Jane Leavy has always loved baseball. Her grandmother lived one long, loud foul ball away from Yankee Stadium—the same grandmother who took young Jane to Saks Fifth Avenue and bought her her first baseball glove. It's no coincidence that Leavy was covering the game she loved for the Washington Post by the late 1970s. As a pioneering female sportswriter, she eventually turned her talent to books, penning three of the all-time best baseball biographies about three of the all-time best players: Sandy Koufax, Mickey Mantle, and Babe Ruth. But when she went searching for a fourth biographical subject, she realized that baseball had faltered. The Moneyball era of the last two decades obsessed over data and slowed the game down to a crawl, often at the expense of thrills, skills, and surprise. Major League Baseball has begun to address issues too long ignored, yet the questions linger: how much have these efforts helped to improve the game and reassert its place in American culture?
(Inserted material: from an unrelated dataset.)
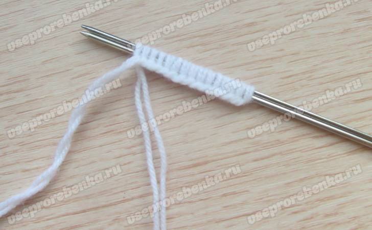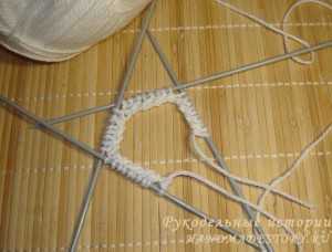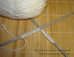 1 ряд: берем круговые спицы и набираем белой пряжей ровно 33 петли.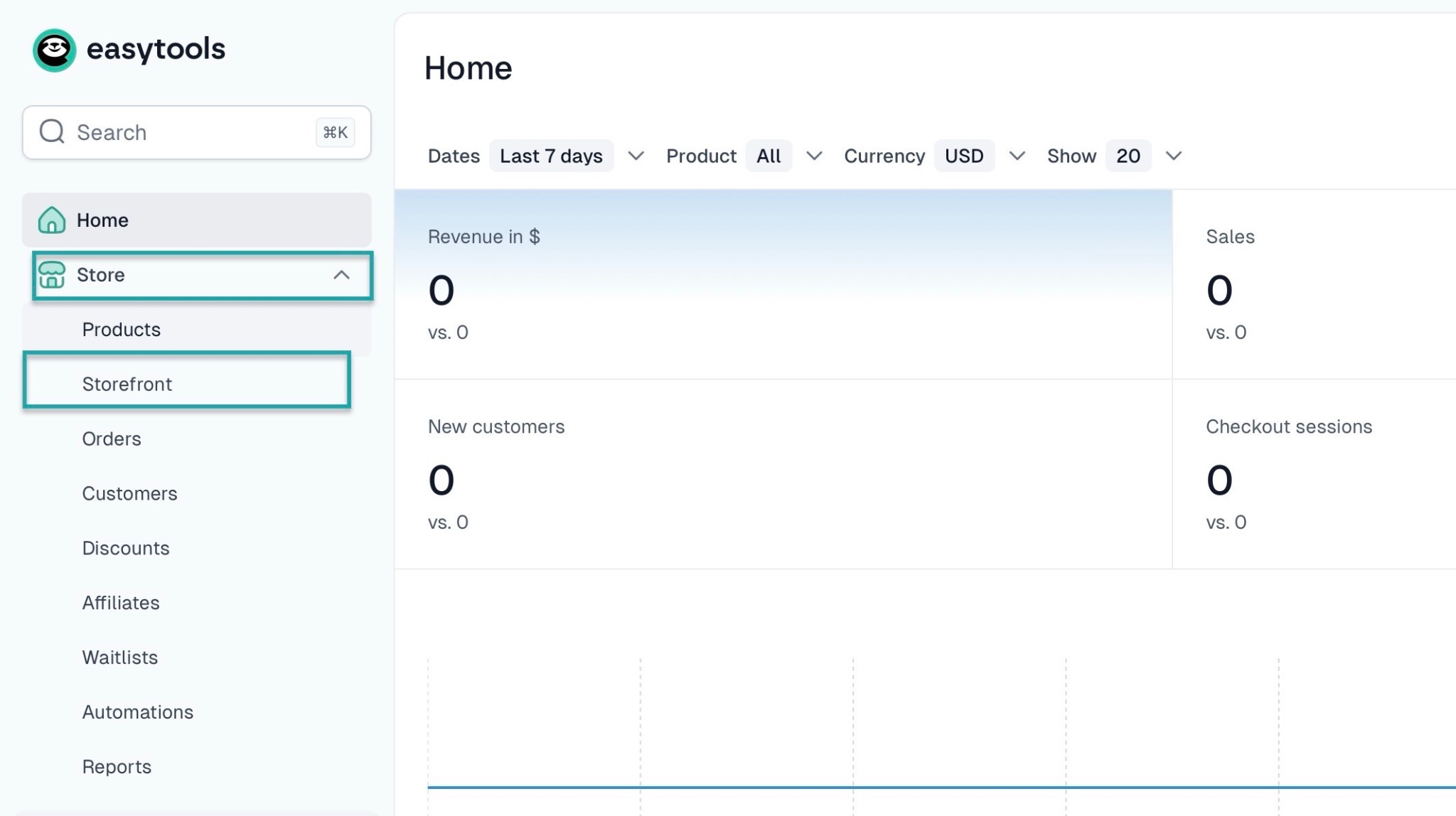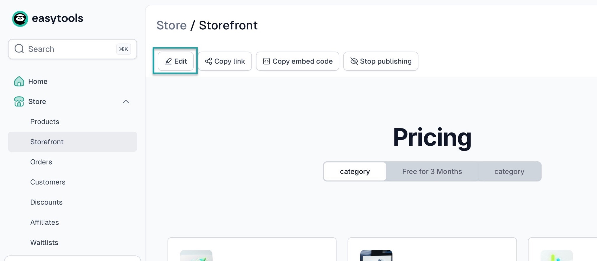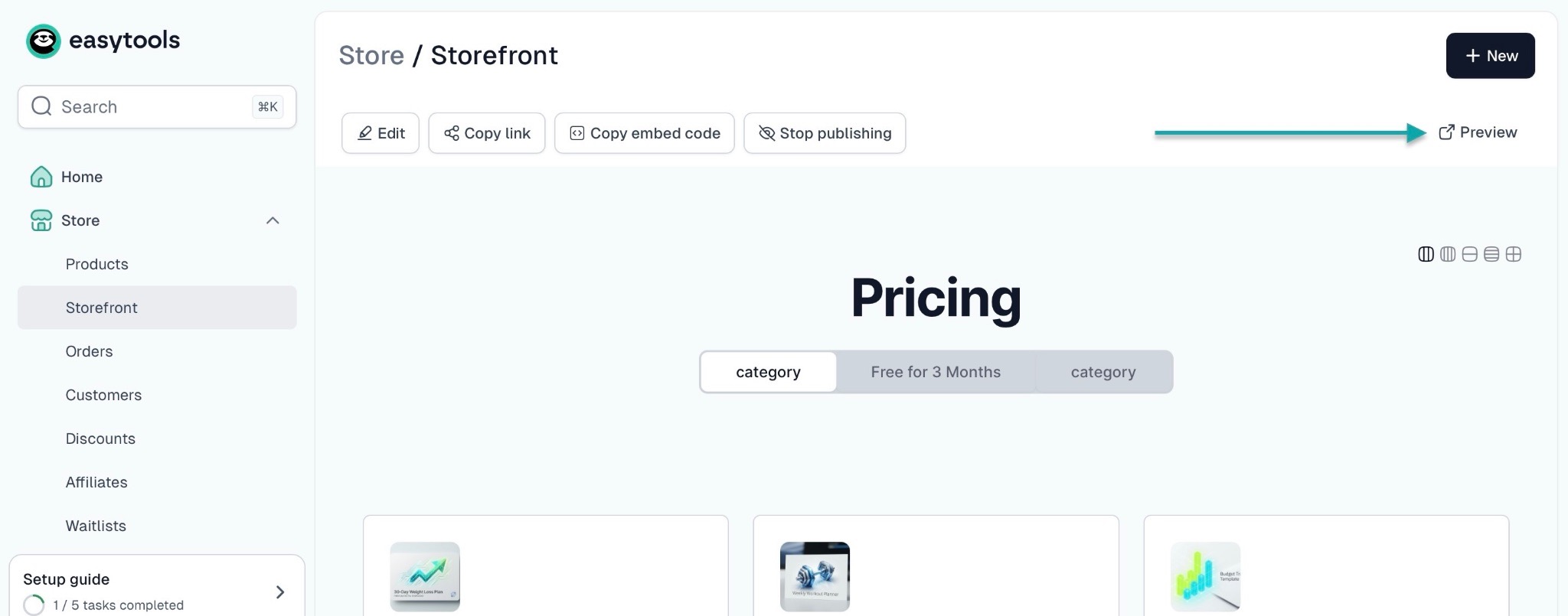 On Easytools, you can create a storefront in a few steps to showcase your fitness programs. First, click “Store” in the sidebar and select “Storefront" right from the homepage.

Leavy takes a whirlwind tour of the country seeking answers to these questions, talking with luminaries like Joe Torre, Dave Roberts, Jim Palmer, Dusty Baker, and more. What Leavy uncovers is not only what’s wrong with baseball—and how to fix it—but also what’s right with baseball, and how it illuminates characters, tells stories, and fires up the imagination of those who love it and everyone who could discover it anew.

In conversation with David Maraniss.

Jane Leavy

Jane Leavy Author Photo

Jane Leavy is an award-winning former sportswriter and feature writer for the Washington Post, known for diving into a subject and emerging with work that is both meticulously researched and narratively rich. She is the author of the national bestsellers The Big Fella, The Last Boy, Sandy Koufax and the comic novel, Squeeze Play, called “the best novel ever written about baseball” by Entertainment Weekly. She lives in Washington, D.C. and Truro, Massachusetts.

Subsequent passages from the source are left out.